# Task instructions
Take the lines below from the one with "March 27, 2026" through the one with "2. Обжимной инструмент AM-918B (кросс-нож)" and print only them, exactly. Don't print the pictures.

# Information provided
-*-

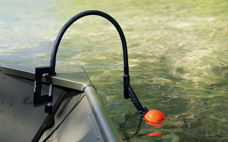 - Настройте гнучку опору так, щоб ехолот був наполовину у воді.
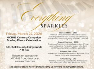 March 27, 2026 Colorado Keys Dueling Pianos Doors open at 7 pm Mitchell County Fair Building Limited tickets by advance purchase starting January 30th at the MCHHS front desk.
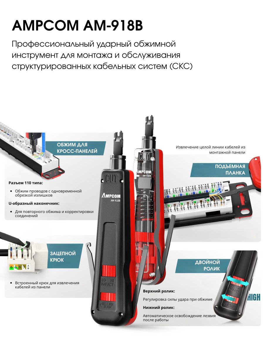 2. Обжимной инструмент AM-918B (кросс-нож)
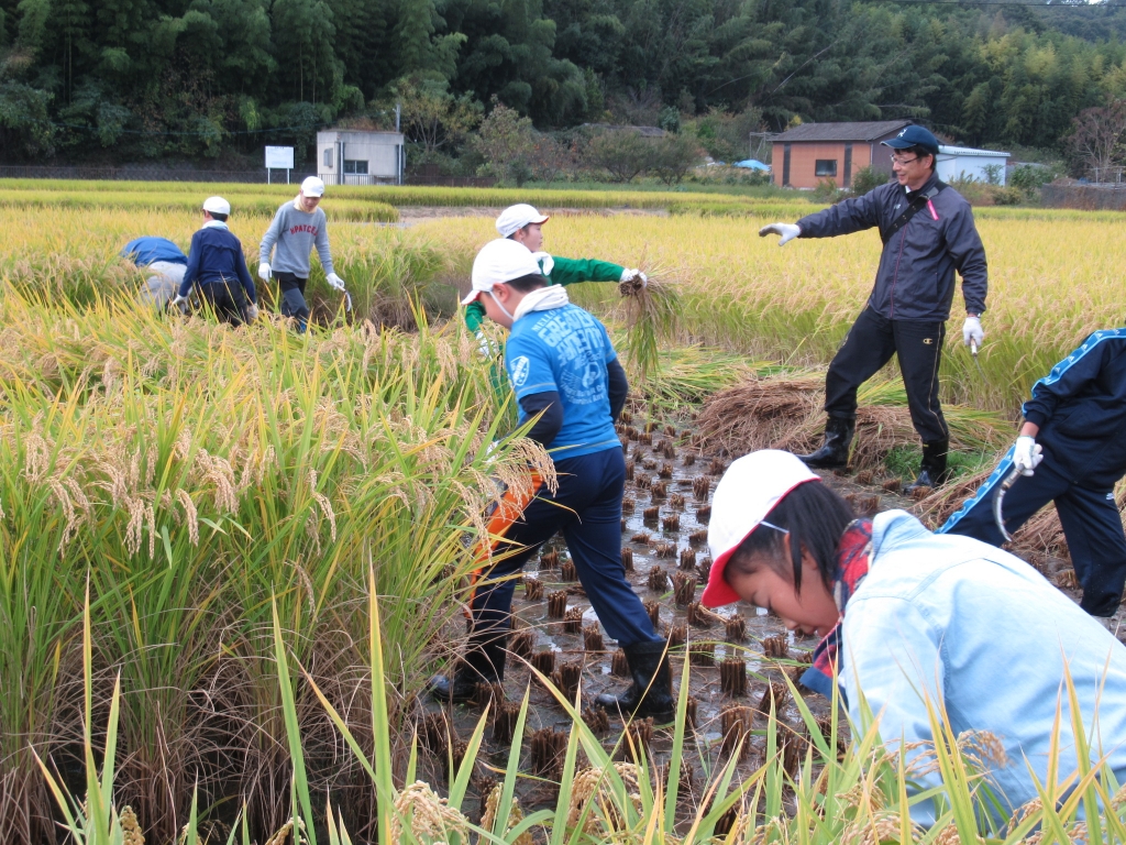 JUGEMテーマ:季節の旬なもの 今年は雨 雨 雨の中 やっと稲刈りをしました 5.6年生6人と校長先生と担任の先生です 田んぼには雨のせいで水がたまっていました が 毎年この田に植えたお米を 小学校の生徒たちが収穫します うれしそうな声が高らかに響きます 本来なら機械が動いているはずですが・・・ 生徒は一株、一株鎌で刈ります おいしいお米が食べられます &nbs...

-*-

# Problem solution
 March 27, 2026 Colorado Keys Dueling Pianos Doors open at 7 pm Mitchell County Fair Building Limited tickets by advance purchase starting January 30th at the MCHHS front desk.
 2. Обжимной инструмент AM-918B (кросс-нож)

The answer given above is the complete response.